Median progression-free survival was 9.2 months in the hyaluronan-high patients receiving PAG, vs 4.3 months with chemotherapy alone (hazard ratio [HR] = 0.39; P = .05). Again, no differences were observed in the hyaluronan-low subset.

“A trend in overall survival in the triplet arm reflected the differences noted by the other measures and does include data on 12 of the 23 PAG patients who discontinued the enzyme and got nab-paclitaxel/gemcitabine alone, after the hold,” Dr. Hingorani said. Median overall survival was 12 months with PAG and 9 months with chemotherapy alone (HR = 0.62).

Thromboembolic Events

Treatment-related adverse events seen more frequently with PAG included peripheral edema (58% vs 31%), muscle spasms (55% vs 2%), and neutropenia (32% vs 18%).
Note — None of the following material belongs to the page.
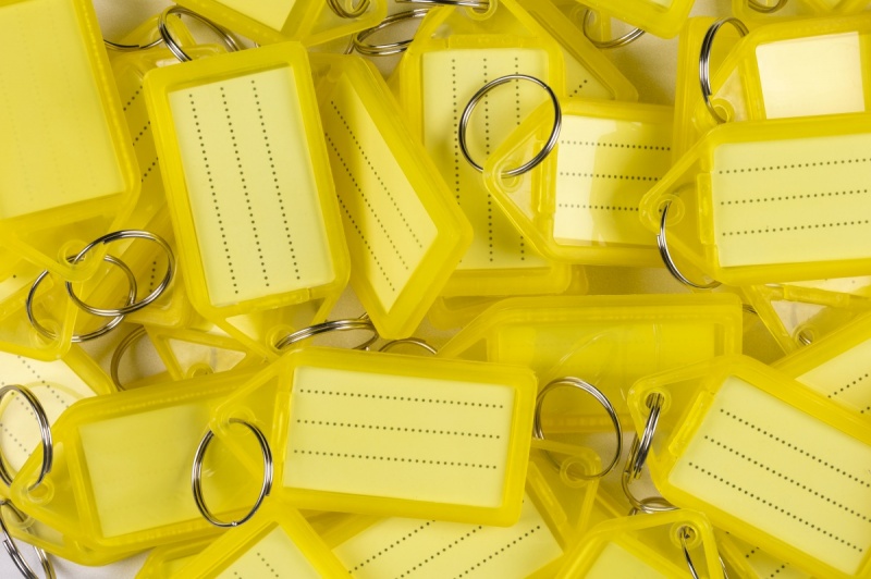 wyposażone w etykietkę opisową oraz kółeczko o średnicy 15mm łączące zawieszkę z kluczem
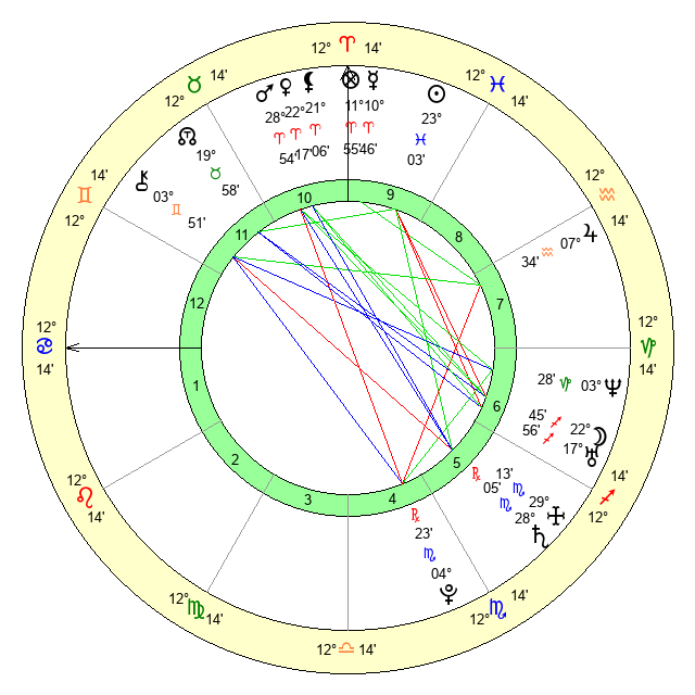 | Mars | 28 Aries 55 | 18 Cancer 47 | 27 Taurus 27 |

After initiation of prophylaxis with enoxaparin at 40 mg/d, the rate of thromboembolic events “normalized” between the arms, at approximately 29% for both groups. For patients initiated on enoxaparin at 1 mg/kg/d, the risk of thromboembolic events was ameliorated even further, to 0% with PAG and 10% with nab-paclitaxel and gemcitabine. These findings suggest that the thromboembolic risk can be adequately managed, he said. ■

Disclosure: Dr. Hingorani is a consultant for Halozyme Therapeutics.

Reference

1. Hingorani SR, Harris WP, Hendifar AE, et al: High response rate and PFs with PEGPH20 to nab-paclitaxel/gemcitabine in stage IV previously untreated pancreatic cancer patients with high-HA tumors: Interim results of a randomized phase II study. 2015 ASCO Annual Meeting. Abstract 4006. Presented May 31, 2015.